The characters in Flash Boys are fabulous, each completely different from what you think of when you think “Wall Street guy.” Several have walked away from jobs in the financial sector that paid them millions of dollars a year. From their new vantage point they investigate the big banks, the world’s stock exchanges, and high-frequency trading firms as they have never been investigated, and expose the many strange new ways that Wall Street generates profits.
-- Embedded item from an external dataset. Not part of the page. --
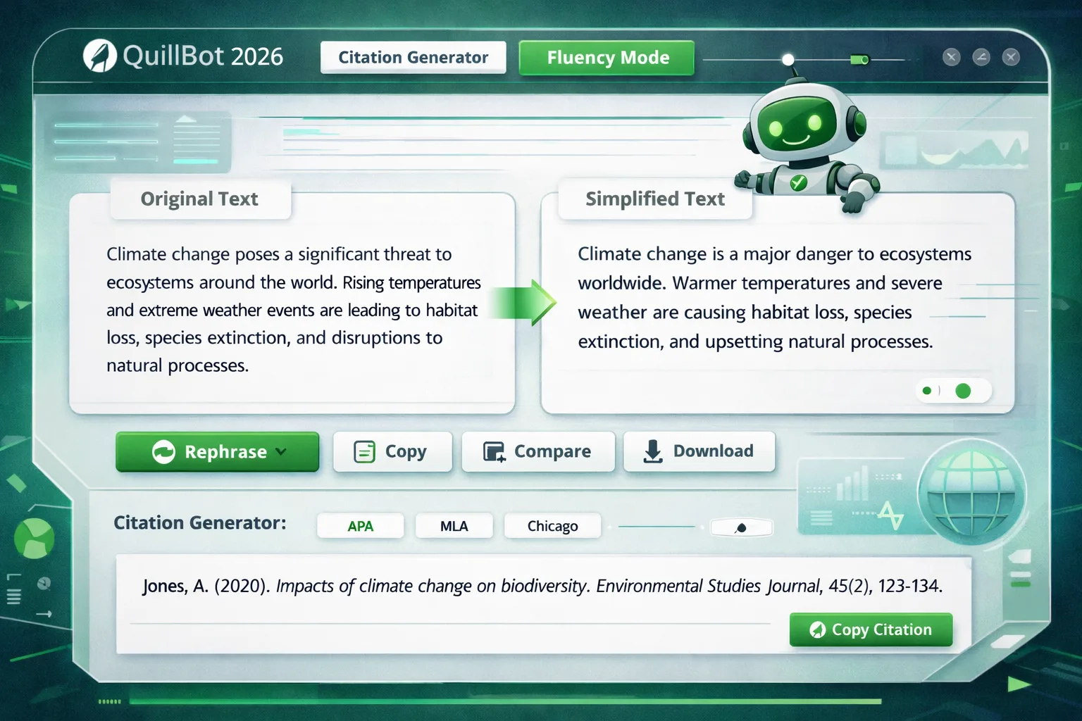 Built-in citation generators are now a standard part of the Quillbot suite. This is perfect for essays and research papers where accuracy is required. The Fluency Mode is another favorite. it simplifies complex AI language to make it more relatable. This is excellent for semantic SEO because Google rewards content that is easy for humans to read.

The light that Lewis shines into the darkest corners of the financial world may not be good for your blood pressure, because if you have any contact with the market, even a retirement account, this story is happening to you. But in the end, Flash Boys is an uplifting read. Here are people who have somehow preserved a moral sense in an environment where you don’t get paid for that; they have perceived an institutionalized injustice and are willing to go to war to fix it. (Summary and book cover courtesy of goodreads.com)
Review:
This book was fascinating. I highly recommend it to everyone who would like to have reasonable working knowledge of what has happened in the past decade in the stock market. What made this book so awesome was the way Lewis was able to take extremely complex problems and explain them in a way that even non-technical people could understand. And without, which was key, getting bogged down or too wordy. This book was a great example of weaving practical, working knowledge, with the personal stories of the main players involved.
Rating: 4 stars!
Who Should Read It? Anyone who would like an explanation for some of the drama that has happened with the stock market in recent years.